How Onshoring is Transforming the Global Supply Chain
The world of manufacturing is evolving, and in 2024, disruptive trends like onshoring and nearshoring are at the forefront of global supply chain transformation. To understand why these concepts are so important to the overall landscape, let's first start by defining them.
Onshoring: the process of sourcing or relocating a business' manufacturing operations within domestic national borders.
Reshoring: the process of returning the manufacturing of goods back to the company's original country.
Nearshoring: the process of transferring a business operation to a nearby country, especially in preference to a more distant one.
Friendshoring/ally shoring: the process by which countries rework critical supply chains and source essential materials, goods, and services among and between trusted partners and allies.
These strategies are no longer fleeting trends or buzzwords. They represent significant shifts in how companies manage their supply chains to mitigate risk and build resilience against unpredictable market forces. Let's explore what these strategies mean for product developers, and how they're shaping the future of global manufacturing.
Recent Events Forcing Change in Global Supply Chains
It's no secret that recent supply chain disruptions, black swan events, and geopolitical tensions have exposed vulnerabilities in traditional supply chains. Companies that once relied heavily on distant suppliers, often in the lowest cost countries, are now rethinking their strategies to find, or create, supply safe havens near where a product will be consumed.
Onshoring and reshoring can offer significant benefits, most notably through faster reaction time, better control of production processes, improved quality standards, and even freight cost and lead time improvement with the elimination of cross-border transport.

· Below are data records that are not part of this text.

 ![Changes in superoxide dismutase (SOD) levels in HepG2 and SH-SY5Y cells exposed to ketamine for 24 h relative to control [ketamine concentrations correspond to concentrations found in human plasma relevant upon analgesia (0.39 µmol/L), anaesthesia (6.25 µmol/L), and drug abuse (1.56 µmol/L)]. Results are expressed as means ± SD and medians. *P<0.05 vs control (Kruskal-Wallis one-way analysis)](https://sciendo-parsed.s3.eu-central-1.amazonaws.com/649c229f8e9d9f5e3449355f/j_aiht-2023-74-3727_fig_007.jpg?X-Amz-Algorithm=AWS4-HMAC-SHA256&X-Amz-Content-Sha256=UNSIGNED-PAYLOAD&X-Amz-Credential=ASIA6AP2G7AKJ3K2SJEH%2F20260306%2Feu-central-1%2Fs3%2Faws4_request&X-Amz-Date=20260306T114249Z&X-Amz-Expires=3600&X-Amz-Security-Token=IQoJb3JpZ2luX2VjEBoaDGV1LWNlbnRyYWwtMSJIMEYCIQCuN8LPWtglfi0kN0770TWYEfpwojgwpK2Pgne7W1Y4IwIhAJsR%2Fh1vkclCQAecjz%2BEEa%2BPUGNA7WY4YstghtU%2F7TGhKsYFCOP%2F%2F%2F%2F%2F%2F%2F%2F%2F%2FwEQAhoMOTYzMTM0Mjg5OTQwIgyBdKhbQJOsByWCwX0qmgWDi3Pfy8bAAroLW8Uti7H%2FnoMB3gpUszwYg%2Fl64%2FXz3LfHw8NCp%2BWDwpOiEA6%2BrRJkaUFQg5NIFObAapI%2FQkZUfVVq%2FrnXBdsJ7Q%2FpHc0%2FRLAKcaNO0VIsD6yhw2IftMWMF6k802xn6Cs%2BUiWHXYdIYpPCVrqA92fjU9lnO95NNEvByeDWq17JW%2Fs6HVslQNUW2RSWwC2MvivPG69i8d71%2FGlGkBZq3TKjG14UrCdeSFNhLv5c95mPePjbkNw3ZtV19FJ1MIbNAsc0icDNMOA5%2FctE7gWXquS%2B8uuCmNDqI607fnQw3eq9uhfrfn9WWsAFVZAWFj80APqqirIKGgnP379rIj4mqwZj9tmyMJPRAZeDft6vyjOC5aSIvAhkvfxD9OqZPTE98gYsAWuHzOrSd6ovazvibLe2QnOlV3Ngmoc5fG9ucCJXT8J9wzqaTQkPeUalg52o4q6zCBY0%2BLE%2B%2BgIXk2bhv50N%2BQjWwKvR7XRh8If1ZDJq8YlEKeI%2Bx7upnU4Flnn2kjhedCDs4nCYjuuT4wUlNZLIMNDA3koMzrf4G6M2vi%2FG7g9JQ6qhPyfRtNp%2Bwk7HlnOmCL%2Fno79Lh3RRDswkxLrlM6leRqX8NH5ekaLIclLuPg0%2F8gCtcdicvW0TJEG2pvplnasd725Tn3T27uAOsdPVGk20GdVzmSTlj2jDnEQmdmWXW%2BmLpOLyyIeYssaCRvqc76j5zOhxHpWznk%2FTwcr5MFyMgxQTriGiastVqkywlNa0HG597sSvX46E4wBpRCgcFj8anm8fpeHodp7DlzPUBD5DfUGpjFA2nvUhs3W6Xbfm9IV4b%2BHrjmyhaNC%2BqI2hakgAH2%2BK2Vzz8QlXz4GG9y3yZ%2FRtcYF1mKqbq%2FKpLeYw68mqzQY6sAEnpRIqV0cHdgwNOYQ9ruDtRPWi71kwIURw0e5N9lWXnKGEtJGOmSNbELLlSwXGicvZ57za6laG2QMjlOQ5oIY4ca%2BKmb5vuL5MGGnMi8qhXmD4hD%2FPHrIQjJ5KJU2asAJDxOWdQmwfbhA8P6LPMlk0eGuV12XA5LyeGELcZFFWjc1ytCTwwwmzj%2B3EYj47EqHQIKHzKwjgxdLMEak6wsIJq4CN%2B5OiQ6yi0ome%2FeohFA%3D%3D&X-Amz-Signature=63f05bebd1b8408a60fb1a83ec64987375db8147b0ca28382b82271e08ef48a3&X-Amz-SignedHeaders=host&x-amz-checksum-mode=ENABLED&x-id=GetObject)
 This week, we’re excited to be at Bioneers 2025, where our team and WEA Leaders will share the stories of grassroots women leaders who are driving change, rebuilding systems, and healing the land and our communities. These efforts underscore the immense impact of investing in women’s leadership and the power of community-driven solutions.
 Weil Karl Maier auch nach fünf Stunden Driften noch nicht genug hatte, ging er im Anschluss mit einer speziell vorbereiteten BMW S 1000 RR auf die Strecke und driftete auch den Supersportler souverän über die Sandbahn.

But onshoring and reshoring aren't the only strategies on the table to manufacture products closer to the point of consumption. Nearshoring has also gained traction as companies move production to friendly neighbors, often achieving cost reduction while improving supply chain stability. For American companies, this might mean shifting segments of manufacturing operations to Central America, cutting transportation cost and lead time while maintaining relative proximity to the U.S. market.
Geopolitical factors of course are a significant driver behind these shifts as the global supply chain grapples with rising competitive tension between major economies. Controllable considerations such as cost, quality, and speed to market are also crucial.
A comprehensive strategy, inclusive of onshoring and nearshoring, strikes a balance between cost efficiency, geographic proximity, and speed, making it an attractive alternative for the product developers who have ridden waves of supply uncertainty since the onset of the COVID-19 pandemic.
Manufacturing's Technological Evolution and the Sourcing Challenge
Supply chain strategy becomes deeply rooted over time and is often difficult to change, unless that change is forced by disruptive variables. And this makes sense—why fix it if it isn't broken?
Pre-2020, there wasn't a pressing emergency that threatened, or even really tested the global supply chain in a meaningful way for some time. It wasn't until cracks began to appear in the wake of the pandemic-fueled freight and materials shortages that companies were really forced to take a hard look at supply, this time with major, sometimes existential, motivation to reinforce weak spots and begin looking for alternative sources. That's when the magnitude of the challenge became clearer—it's difficult, time consuming, and costly to change suppliers.
In fact, doing this on a large scale and uprooting or relocating large portions of a manufacturing supply chain via traditional means might take years or more. Vetting processes, contractual negotiations, as well as costly and prolonged onboarding all make for a drawn-out process with unpredictable ROI.
Fortunately, American manufacturing's technological evolution has prepared our industry for a potential sea change in sourcing strategies increasing supply chain agility.
Digital manufacturing has embraced industry 4.0 innovations to advance analytics, artificial intelligence/machine learning, and manufacturing automation as compounded technological advancement increases. Adoption of these technologies will only skyrocket as data, cost, and reliability continue to improve.
This means that traditional and analog processes, which have long been the norm, are quickly being overhauled or replaced by their data drive digital cousins, opening new frontiers of possibility, and creating an opportunity and openness to reexamine things like geographic locale.
Historically, time and cost have been the most significant challenges faced by companies aiming to reorganize their supply chains, let alone reshore them or nearshore to the less mature manufacturing regions. Digital manufacturing aims to change that.
Why Digital Manufacturing is Key to Successful Onshoring and Nearshoring
Protolabs' unique manufacturing model greatly reduces the sources challenge, especially for companies looking to set roots domestically or nearshore.
Product developers can choose to manufacture entirely domestically through our wholly owned factories, or access domestic and nearshore manufacturing partners to suit their needs through Protolabs Network. Working with a single supplier, product developers now have unprecedented flexibility to onshore or nearshore supply chains—without the traditional barriers and risk of investing valuable time and resources into the sourcing, vetting, and management of a new supply base. That's all done by Protolabs.
But mitigating the sourcing challenge isn't the only benefit—the digital model also creates new opportunities to optimize for independent variables like speed, quality, or cost within a single supply framework, and do that while onshoring or nearshoring.
By embracing a digital model, supply chain flexibility is now accessible throughout the manufacturing process. Seems too good to be true? Just ask our customers—they're doing it every day.